Matthijs J.D Baars; Neeraj Sinha; Mojtaba Amini; Annelies Pieterman-Bos; Stephanie van Dam; Maroussia M.P. Ganpat; Miangela M. Laclé; Bas Oldenburg; Yvonne Vercoulen



Visualizing and quantifying cellular heterogeneity is of central importance to study tissue complexity, development and physiology, and has a vital role in understanding pathologies. Mass spectrometry-based methods including imaging mass cytometry (IMC), have in recent years emerged as powerful approaches for assessing cellular heterogeneity in tissues. IMC is an innovative multiplex imaging method that combines imaging using up to 40 metal conjugated antibodies, and provides distributions of protein markers in tissues with a resolution of 1 Micrometer 2 area. However, resolving the output signals of individual cells within the tissue sample, i.e. single cell segmentation, remains challenging. To address this problem, we developed MATISSE (iMaging mAss cyTometry mIcroscopy Single cell SegmEntation), a method that combines high resolution fluorescence microscopy with the multiplex capability of IMC into a single workflow to achieve improved segmentation over the current state-of-the-art. 

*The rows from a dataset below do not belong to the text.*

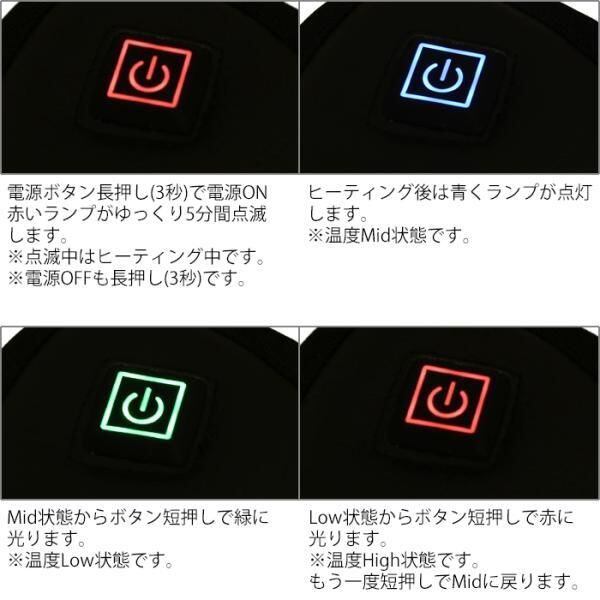 温度調整機能:3段階(Highモード100%/Midモード70%/Lowモード50%)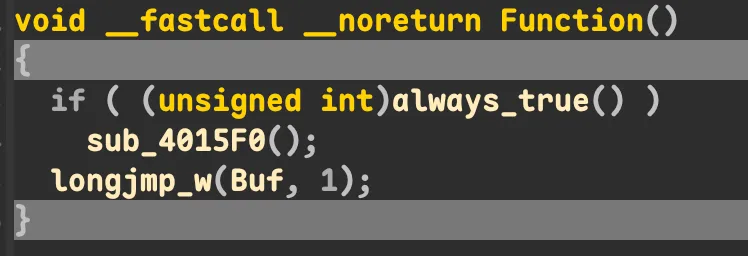 一个永真跳转,先执行sub_4015F0,再执行longjmp_w。到这里我们明白了上面的setjmp究竟起何作用:一开始Buf是0,执行XXTEA加密,然后XXTEA加密末尾通过除零触发Function,修改Buf为1并跳到setjmp处,使程序进入XOR_Encrypt的分支。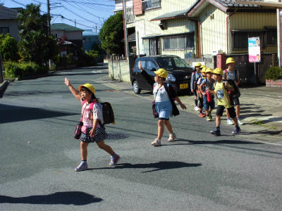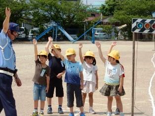 交通指導員さんにお出でいただき交通安全教室を行いました。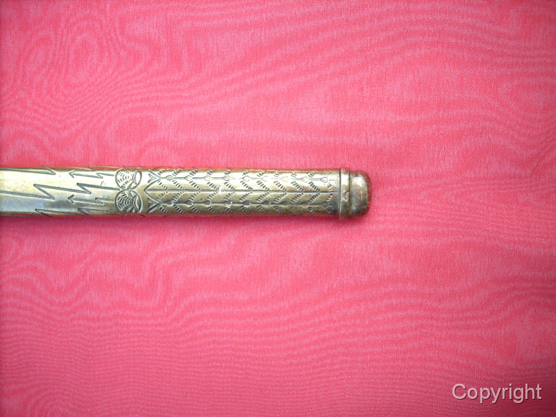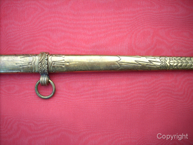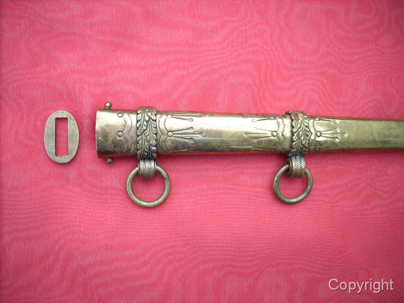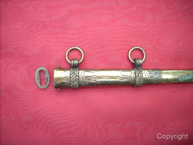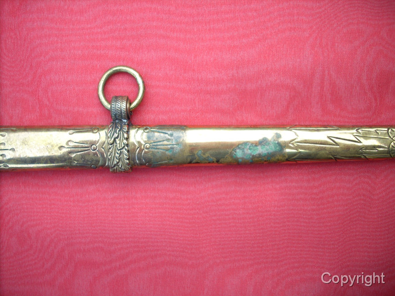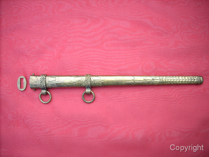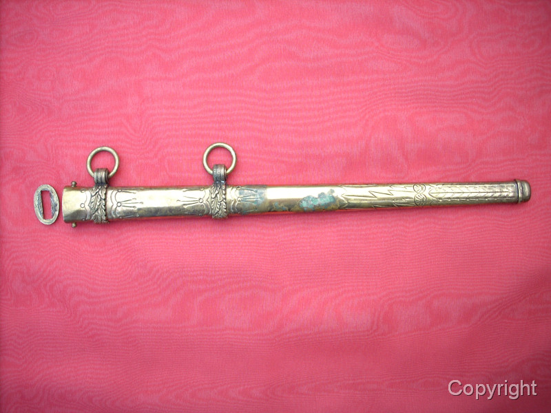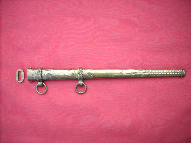Scheide zum Kriegsmarinedolch KOD, evtl. von Eickhorn (Fertigung läßt darauf schließen, allerdings nicht garantiert). Beim Mundblech fehlt das Innenstück, die Aussenplatte ist vorhanden (siehe Fotos). Auch werden 2 originale Befestigunsschrauben beigegeben – schon eingeschraubt. Das Stück hat k e i n e Beulen und noch eine gute Vergoldung. Die Scheidenringe sind separat aufgelötet. Lagerspuren. Solche Ersatzteile werden sehr selten angeboten - Gelegenheit. Ungereinigter Zustand siehe Fotos, die Bestandteil der Beschreibung sind. Keine Garantie und keine Rücknahme.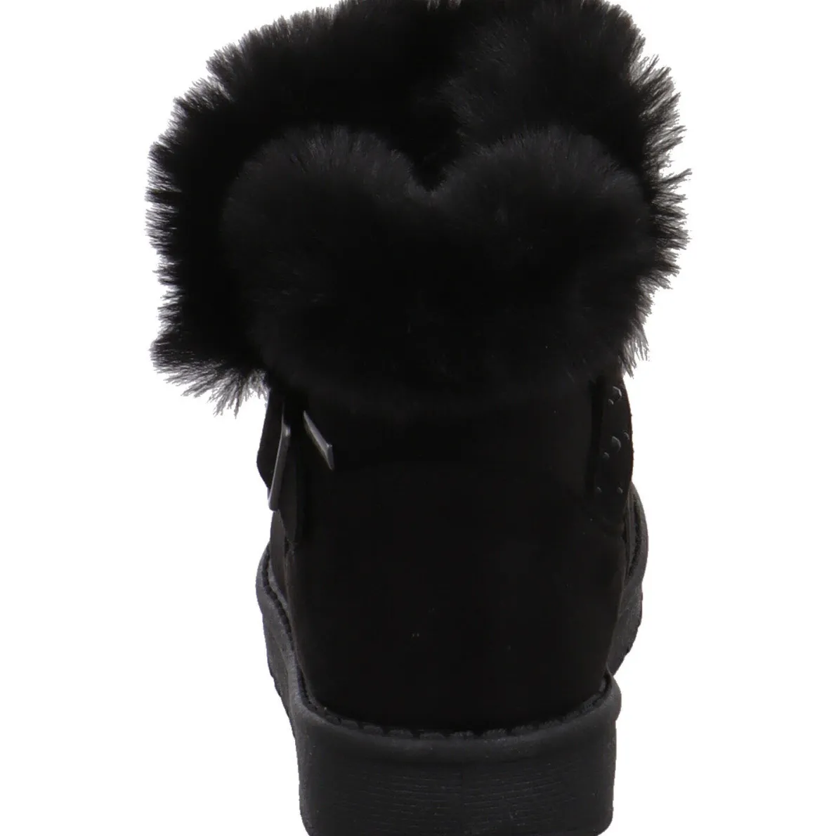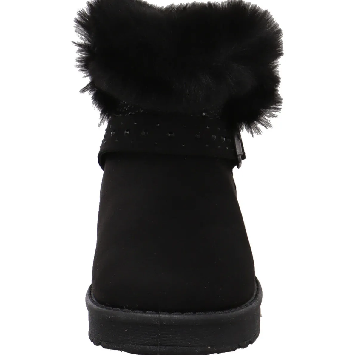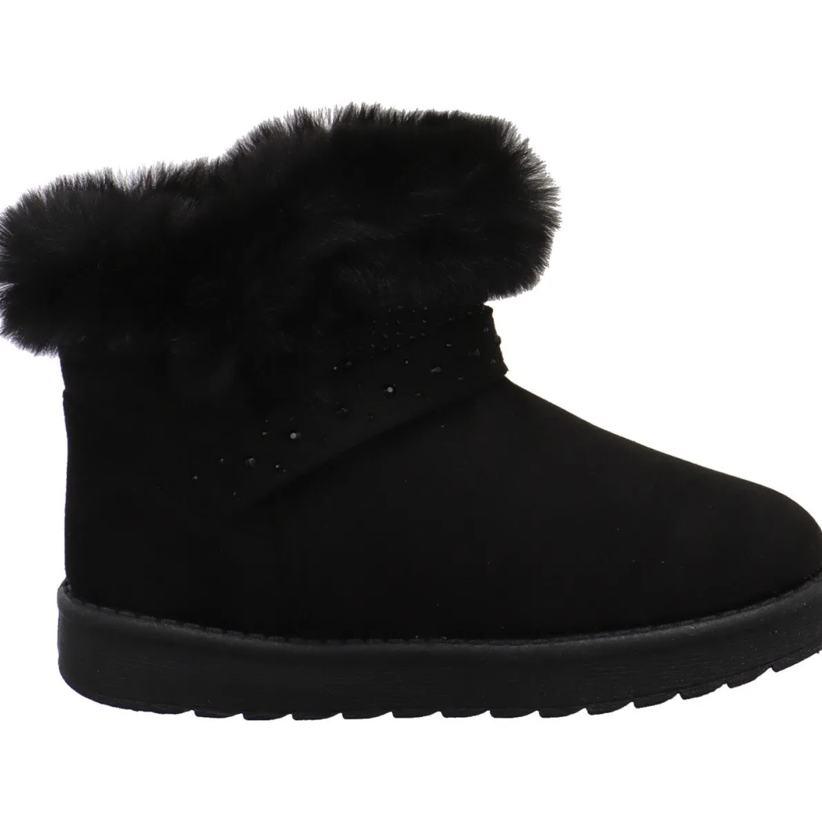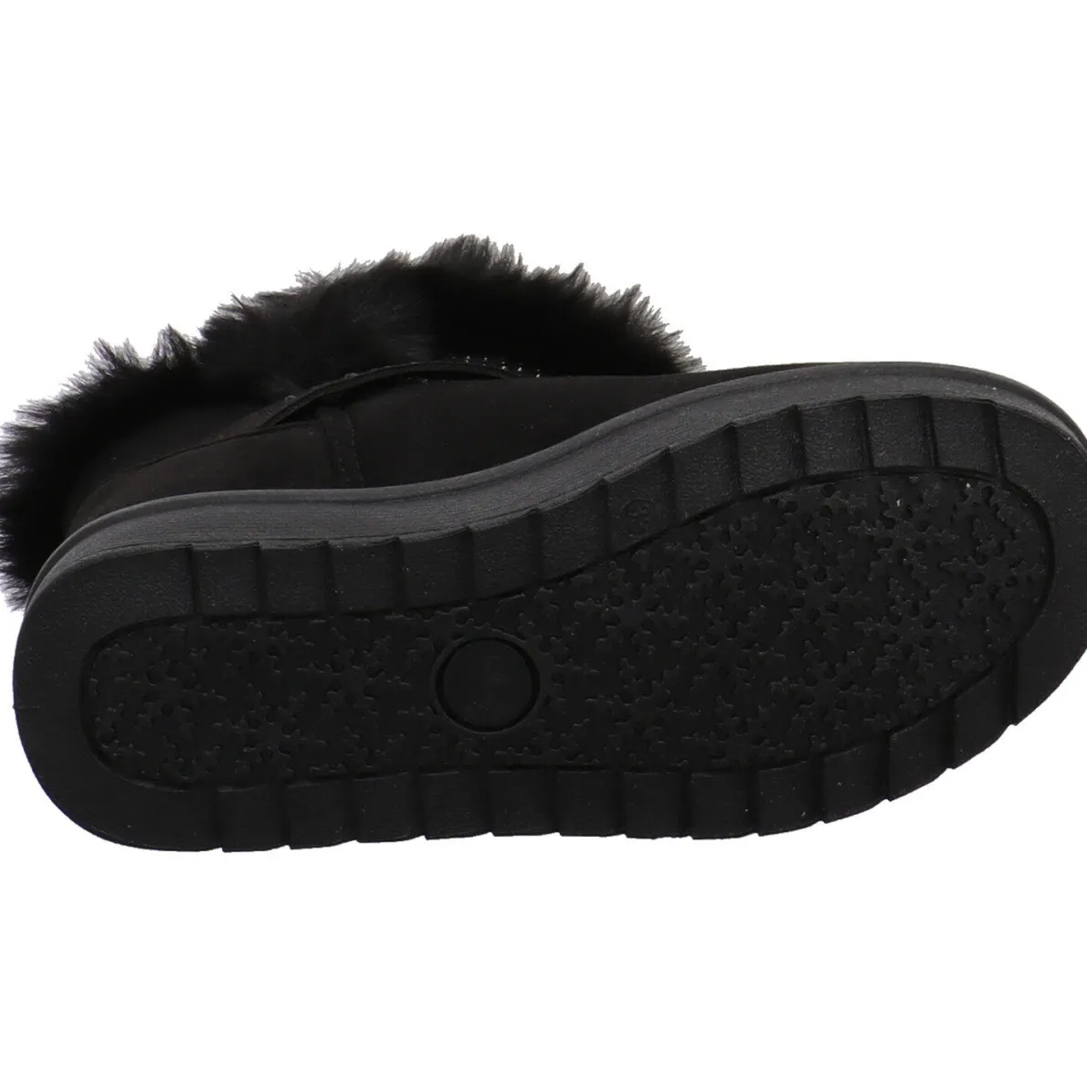 Er wurde aus Textil ist Schwarz gearbeitet und ist am Schaft mit einer Plüsch Kante verziert. Ein Zierriemen um den Knöchel mit Dornschnalle und kleine Glitzersteine, machen den Schuh zu einem echten Hingucker.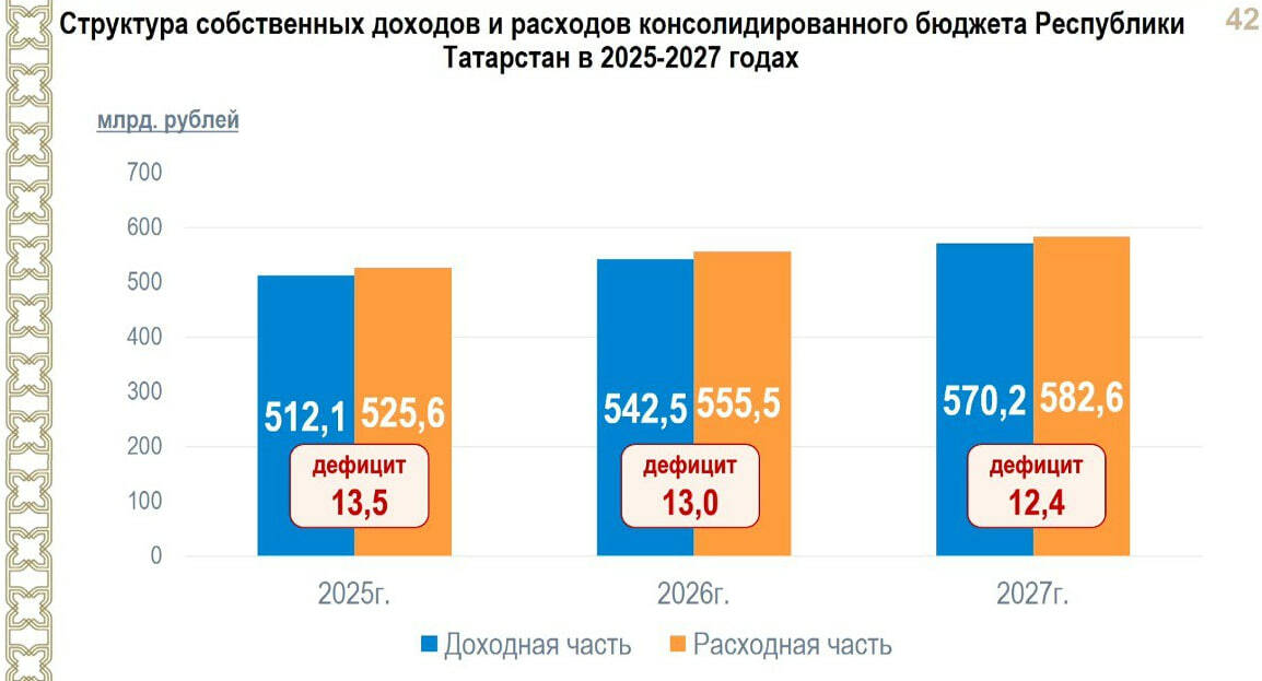 «На 2025 год параметры консолидированного бюджета прогнозируются такими: доходы в сумме 512,1 млрд рублей, расходы 525,6 млрд рублей, дефицит 13,5 млрд рублей», – огласил Файзрахманов.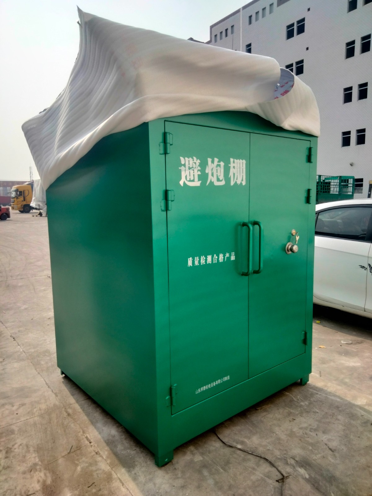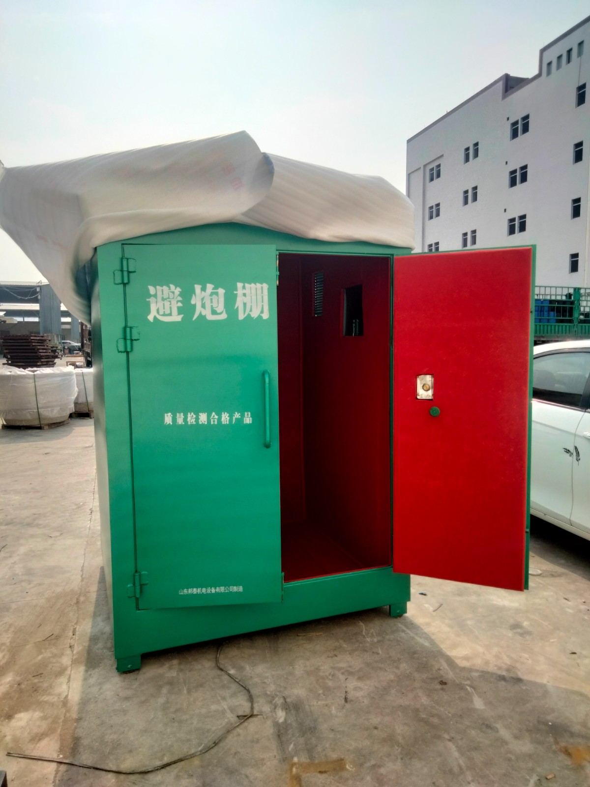 功能作用  ;  ;防護飛石沖擊:在礦山爆破作業中,會產生大量高速飛散的石塊,避炮棚采用堅固的材料和結構設計,如高強度鋼板、鋼筋混凝土等,能夠有效阻擋飛石,防止其對人員造成傷害。  ;  ;抵御沖擊波:爆破瞬間產生的強大沖擊波具有巨大的破壞力,避炮棚的結構和材料可以吸收和衰減沖擊波的能量,減少沖擊波對內部人員的沖擊和傷害。  ;  ;提供安全避難空間:為爆破作業人員提供一個相對安全的封閉空間,使其在爆破期間能夠躲避在其中,避免直接暴露在危險環境中,保障生命安全。  ;  ;通風與換氣:配備良好的通風系統,如通風口、風機等,能夠及時排出爆破后產生的有害氣體,如一氧化碳、氮氧化物等,為人員提供新鮮的空氣,確保呼吸安全。結構設計  ;  ;框架結構:通常采用框架式結構,以高強度的型鋼或鋼管作為骨架,如鋼材屈服強度不低于 345MPa 的鋼結構,通過焊接或螺栓進行牢固連接,形成穩定的幾何結構,如三角形框架結構,利用三角形的穩定性原理,將沖擊力均勻分散到各個構件上,增強整體的穩定性和剛性。  ;  ;復合防護層:頂棚和側壁采用多層次的復合結構,一般包括承重層、緩沖層和防護層。承重層主要承擔整個棚體的重量以及爆破產生的壓力;緩沖層多采用具有彈性的材料,如橡膠、海綿等,能夠吸收和緩沖沖擊波的能量;防護層則選用高強度的鋼板或鋼筋混凝土,抵御飛石的撞擊。  ;  ;門窗設計:門窗應設計為易于開啟和關閉,方便人員進出,同時在開口處設置雙層防護門,防護門采用與抗沖擊層相同的材料制作,在爆破時關閉,有效阻擋飛石進入。窗戶一般會采用防爆玻璃窗,既可以讓人員觀察爆破過程,又能防止飛石和沖擊波的破壞。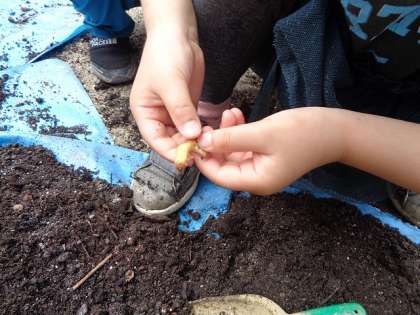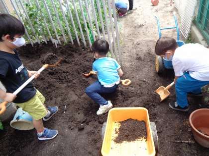土を運んだり,肥料を混ぜたりしているときには,土の中にミミズや幼虫も見つけましたよ!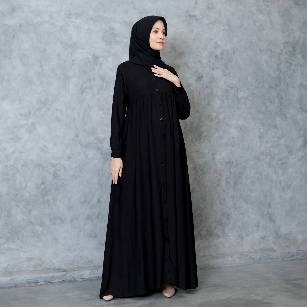 Gamis Full Kancing Rayon Twill Gamis Polos Premium Muslim Wanita Gamis Lengan Kancing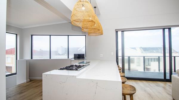 The open-plan living and dining area welcomes you with its spacious layout and natural light, flowing seamlessly to a stylish built-in braaifireplace perfect for year-round entertaining. Step outside to the ocean-facing balcony where sweeping sea views set the scene for unforgettable sunsets.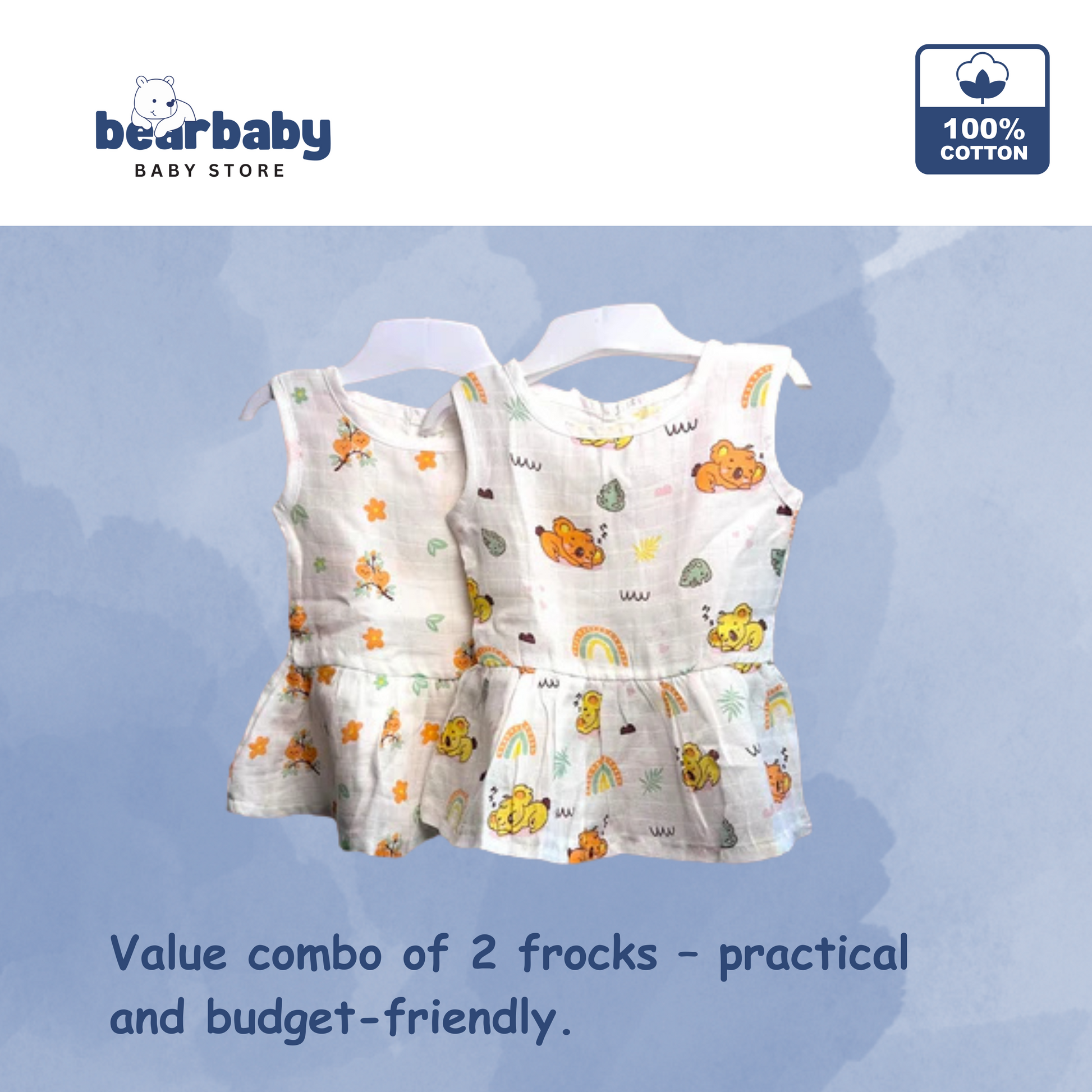 Baby Girl Organic Cotton Sleeveless Frock - Size 3M to 6M - Pack of 2 - Assorted Prints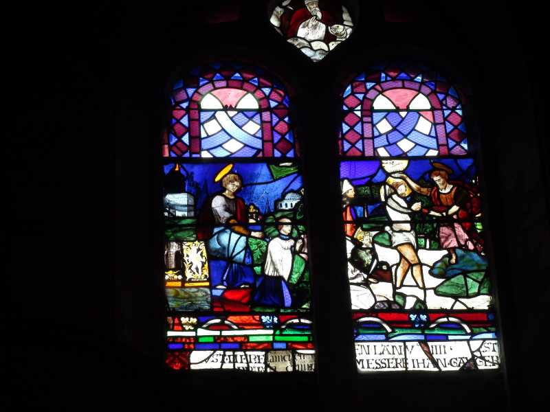 Dans la lancette de gauche, un donateur présenté par son Saint protecteur est agenouillé. La scène se déroule devant un arrière-plan paysagé. Dans la lancette de droite, Saint Jean-Baptiste baptise le Christ dans les eaux du Jourdain. L’inscription en bas des vitraux mentionne le donateur, Messire Jehan Gauger et la date de 1554.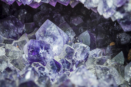 Amethyst crystals on a dark background. Macro. Selective focus.

MATISSE results in improved quality and quantity of segmented cells when compared to IMC-only segmentation in sections of heterogeneous tissues. Additionally, MATISSE enables more complete and accurate identification of epithelial cells, fibroblasts, and infiltrating immune cells in densely packed cellular areas in tissue sections. MATISSE has been designed based on commonly used open-access tools and regular fluorescence microscopy, allowing easy implementation by labs using multiplex IMC into their analysis methods.


MATISSE allows segmentation of densely packed cellular areas and provides a qualitative and quantitative improvement when compared to IMC-based segmentation. We expect that implementing MATISSE into tissue section analysis pipelines will yield improved cell segmentation and enable more accurate analysis of the tissue microenvironment in epithelial tissue pathologies, such as autoimmunity and cancer.